Essa pessoa está na perfeita sintonia das trevas. Somente no plano inferior (*2), alguém pode agir sem dar satisfações a ninguém. No plano superior, quanto mais alguém amadurece, mais deve dar contas do que faz e mais se sente propelido a buscar o auxílio salutar da orientação nobre, embora, paradoxalmente, a liberdade também aumente. A questão é que, quanto mais evoluída é uma consciência, mais ela busca ouvir o que outras, ainda mais evoluídas, lhe têm a dizer, a fim de que erre menos, acerte mais e progrida mais rapidamente. Nas esferas superiores de consciência, há uma profunda teia de disciplina e comunicação e ninguém toma decisões graves, sem que haja concordância coletiva a respeito. Isso, que pode soar estranho para caracteres mais arrogantes, vê-se facilmente como verdadeiro, ao se notar que até os ambientes de trabalho mais avançados, no plano físico, estão aplicando esse sistema de poder, parcialmente, ao instituírem a “gestão participativa”. A idéia de uma autoridade, no comando, que determina, autocrática e solitariamente, a condução de rumos de um empreendimento, é hoje vista como uma filosofia organizacional ultrapassada, que favorece muito mais erros e menos acertos. O mesmo se pode aplicar à própria vida, como um todo. É fundamental que se tenha a partilha profunda de significados e conteúdos da alma, que, dada a complexidade e profundidade da iniciativa, não pode ser feita com mais de uma pessoa, normalmente, inclusive para não se criar uma cacofonia psíquica, com vozes dissonantes criando mais conflitos, em vez de dissolvê-los, na alma do orientando. Se já é difícil sintonizar uma pessoa com a voz da própria consciência e criar ajustes de “tradução”, que se dirá de mais de um? Eis porque disse Jesus, que um servo não pode servir a dois senhores ao mesmo tempo. É isso que sugerimos seja feito. Quem não quer autorizar alguém como seu guru, orientador ou guia, ainda que seja um desencarnado (se a pessoa tiver suficiente maturidade psicológica e desenvolvimento mediúnico para se deixar ouvir o que for duro e desagradável para si também), está, em verdade, julgando-se o centro e o ápice do mundo, e, ao dizer que só dá satisfações a Deus, está, em verdade, afirmando que só dá contas a si. Pois, como disse também o Mestre Jesus, se não se ama ao irmão, que se vê, como se amará a Deus, que não se vê?

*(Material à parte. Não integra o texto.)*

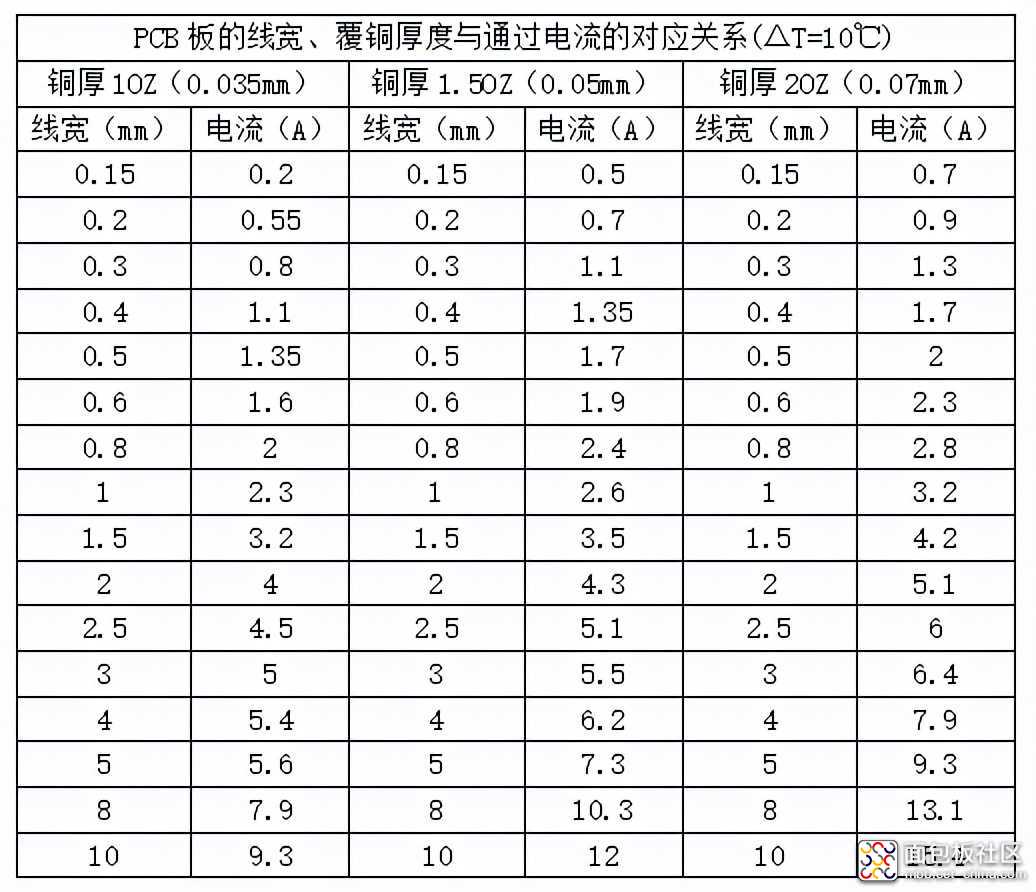 附上溫升10℃時(shí),PCB板的線寬、覆銅厚度與通過(guò)電流的對(duì)應(yīng)關(guān)系供參考。

Forte e importante. Obrigado, Eugênia.

Não há de quê, meu filho.

(Diálogo travado em 11 de março de 2004.)

(*1) Termo técnico atual da TVP, mais adequado, que alude ao fato de que a regressão de memória pode se dar para eventos traumáticos da existência física atual, não havendo necessariamente, rememoração de outras vidas físicas.

(*2) Regiões infernais do plano espiritual.

(Notas do Médium)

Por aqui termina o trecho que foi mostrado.